Entre-temps, le rapport des familles à l’école aura été profondément altéré. Que restera-t-il de l’obligation scolaire après que celle-ci aura été, à l’heure du déconfinement, sous l’impulsion du ministre de l’Education nationale lui-même, assurée sur la base du volontariat des familles ? N’est-il pas temps de gérer le déconfinement comme nous avons géré précédemment le confinement, en nous rangeant prioritairement à l’avis des autorités médicales ? Celles-ci pointent aujourd’hui l’urgente nécessité de remettre nos écoles à flot, fût-ce en allégeant les contraintes du protocole sanitaire imaginé il y a quelques semaines par le ministère de l’Education nationale et en se concentrant sur l’éducation à l’hygiène et aux gestes barrières ?
Profitons-en également pour sortir du confinement universitaire : les universités demeurent fermées dans l’indifférence générale, elles qui accueillent également les étudiants les plus modestes, enfants d’employés et d’ouvriers.

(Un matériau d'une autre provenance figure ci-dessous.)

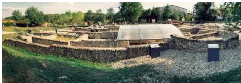
Slika 6. Arheološki park Andautonija

„Arheološkim istraživanjima otkrivene su ceste, gradske ulice, sistem kanalizacije te javne i stambene zgrade. Pronađen je i raznovrstan arheološki materijal: zidne slike s ornamentima, kockice mozaika, oruđe, posuđe, staklene posude, brončani nakit, novac careva i razni drugi predmeti za svakodnevnu uporabu.“ Razni predmeti pronalaze se i dan danas i prema nekim povjesničarima i arheolozima potrebna su opsežna istraživanja ovog područja koja bi nam mogla rasvijetliti još neke nedoumice vezane za prošlost ovog kraja. Proljeće u Andautoniji poznatije kao Dani Andaunije je manifestacija koja se održava zadnji vikend u travnju. Posjetitelji se mogu upoznati s rimskom tradicijom i sudjelovati u brojnim radionicama (odjevanje u rimsku odjeću, kušanje rimske hrane, rimske igre). Ovakvi dani organiziraju se i tijekom rujna ili listopada sa sličnim sadržajima, ali ovoga puta s naglaskom na zahvalnost za plodove koje ubiremo na poljima u jesen. Djeca predškolske i školske dobi ovdje imaju mogućnost neposrednog upoznavanja s prošlošću i običajima ovog kraja koji može biti i ne mora mjesto njihova rođenja. (TZ Velika Gorica, 2009).

Tandis que le sort des élèves des classes préparatoires préparant les concours des grandes écoles a immédiatement été pris en compte, les pouvoirs publics rivalisant d’ingéniosité pour organiser «quoi qu’il en coûte» les concours de fin d’année, les étudiants des universités sont une nouvelle fois sacrifiés, alors même qu’ils paient chèrement, à bien des égards, le coût de leurs études.